Meanwhile, management of the companies would always be keen on saving costs on such things like audit. It is quite likely that such kind of cosy relations are more beneficial to audit firms. At least they could have separated audit and accounting team, but according to research it would be too costly for audit firms and they end up by assigning one team of people to do both jobs, which is a shame.

Problems
The basic issue which arises here is how far should we trust financial statements prepared in emerging markets? To what extent this practice spread in other emerging countries, where corporate governance and law enforcement are not developed enough? I think that it is highly probable that similar “reporting-auditng” is practiced in China, where local management is rather pushy in accounting issues (see Deloitte’s case).
The other question how can we deal with the issue in sensible way. For example, one is audit manager and one is doing audit of IFRS reports of Brazilian company. The resourceful Brazilian finance director provides auditor with financial statements (FS) essentially based on Brazilian GAAP, but with name of IFRS on its face. The trick is that you will do honest auditing, spot discrepancies from real IFRS and provide list of adjustments which need to be done J It is foxy tactic, isn’t it?
What do you think about truthfulness of IFRS accounts of companies from emerging markets listed on global stock exchanges? Have you faced approach mentioned above in your reporting or auditing practice? How to discourage auditors from doing that especially in the context of coming “pure-audit-firms” legislation? Please share your knowledge and experience.

References
Sucher, P. and Alexander, D. (2002) IAS: Issues of Country, Sector and Audit Firm Compliance in Emerging Economies (London: Centre for Business Performance of the Institute of Chartered Accountants in England and Wales).
Sucher P., and Jindrichovska I. (2004) Implementing IFRS: A Case Study of the Czech Republic. EAA, Accounting in Europe, Vol. 1, pp. 109-141.

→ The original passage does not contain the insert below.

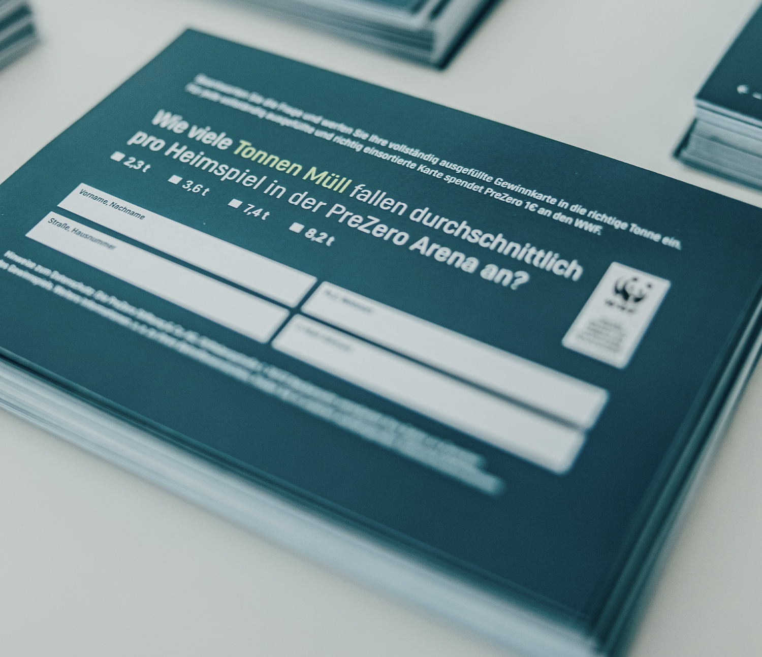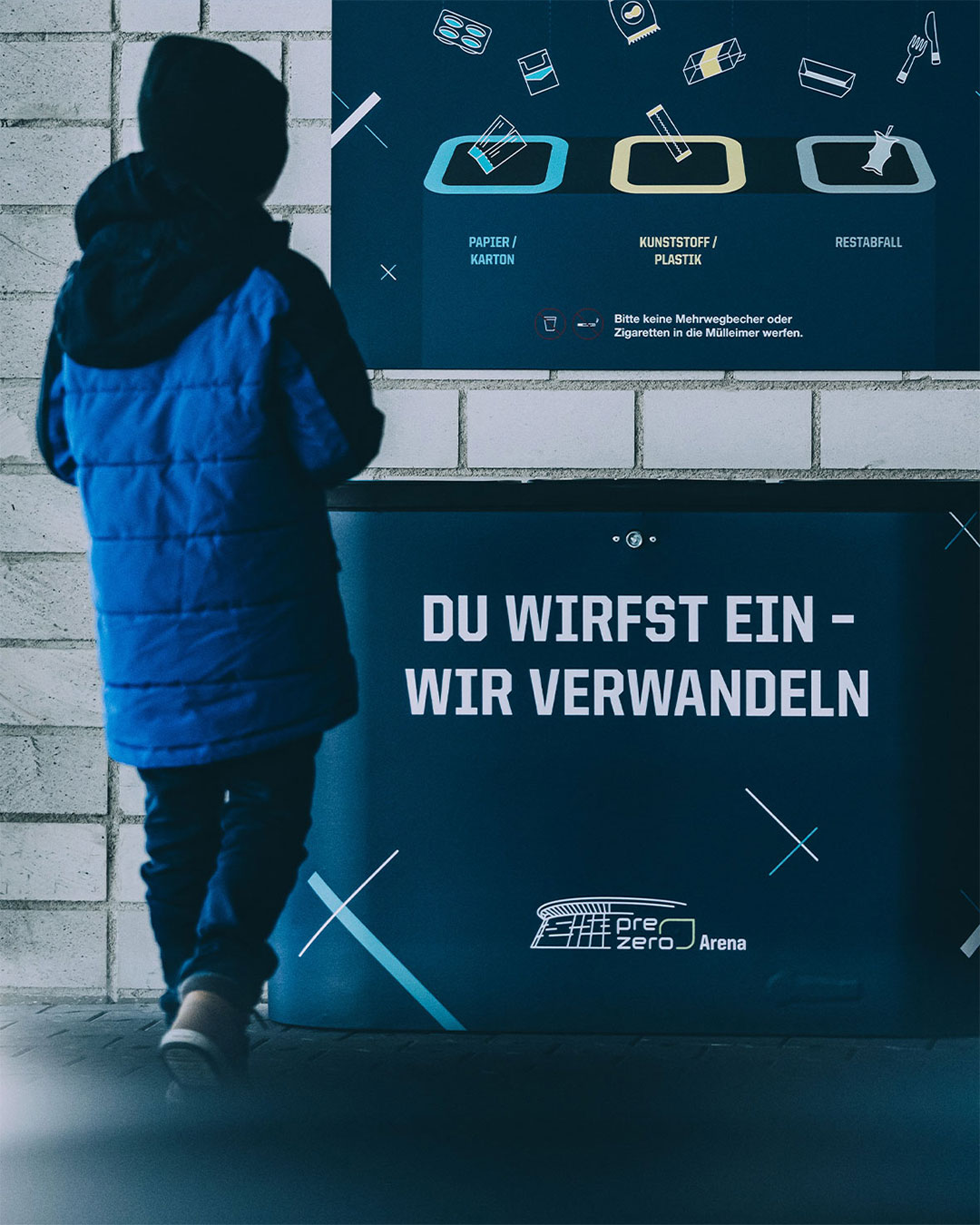 Zusammen mit der TSG Hoffenheim ist PreZero auf dem Weg das erste Zero Waste Stadion der Bundesliga umzusetzen. Alle Abfälle sollen nicht als Müll, sondern als wertvolle Ressource gesehen werden und zu 100% in Kreisläufen wiederverwendet werden. Ein Beispiel: aus Rasenschnitt werden Graspellets und später Autogrammkarten. Auf diese spannende Reise nehmen wir die Fans mit. Unter anderem auf einem interessanten Content Hub und vor Ort an Spieltagen in der PreZero Arena.

Friday, September 23, 2011

Audit in Politics: Russia vs Yukos vs PwC


There have been two events in recent days which triggered me to write post on this subject. First, last week The Economist published the article about auditing in China. Second, the recent decision of European Court of Human Rights (ECHR) regarding the Yukos vs. Russia case.
The article in The Economist considers the issue which happened between Deloitte and Longtop, a Chinese company once listed in NYSE. Here is remarkable abstract:
     “… After signing off Longtop’s financial statements for several years, the firm smelled trouble during its audit for the financial year that ended in March. Its subsequent questions did not go down well at Longtop, which seized some of Deloitte’s papers and threatened to keep Deloitte staff from leaving company premises. Deloitte quit as auditor, and Longtop’s shares ended up being delisted from the New York Stock Exchange in August.”
Subsequently, SEC issued subpoena for Deloitte’s audit working papers in relation to Longtop. After Deloiite’s refusal to cooperate the PCAOB threatened to decertify its Chinese division.
Medvedev and Putin
Several features of the above case look like Yukos-PwC affair which I would like analyse in several following articles. Yukos-PwC matter is perfect case for audit, accounting, tax and business ethics studies. It is rather complicated and requires accurate consideration of all facts. I am going to cover audit related professional and ethical issues. In this post I will give brief overview of the issue.

Essence of Issue
Yukos was one of the largest Russian oil companies with successful growth strategy and was listed on the LSE. However the company eventually had to file for bankruptcy (2006) after the Russian Ministry of Taxation proved in court (in 2003) that Yukos’ tax evasion amounted around $28 billion. The hypotheses standing behind this case are as follows:
1.      Tax evasion. This is obvious: company tried to pay less taxes using illegal schemes;
2.  Politically motivated expropriation of the company. The major shareholders and top-managers of Yukos, Mr. Khodorkovsky and Mr. Lebedev, were arrested in 2003 with criminal charges including tax evasion, fraud, forgery and embezzlement of assets. Meanwhile it is believed that Khodorkovsky and Lebedev had political ambitions and tried to influence state parliament by financing both left-wing and right-wing parties. Eventually, Mr. Putin being the president of Russia (now prime minister) decided to punish these independent oligarchs.
Khodorkovsky and Lebedev

The issue is that both hypotheses might be truthful partially. The fact is that similar tax evasion models were used at those time (and now used also) by almost all oil and gas companies in Russia and the only company which carried its part of punishment was Yukos. Nevertheless, I do not want to focus on this dispute, I am interested in the role of auditors in all this mess and here they come…  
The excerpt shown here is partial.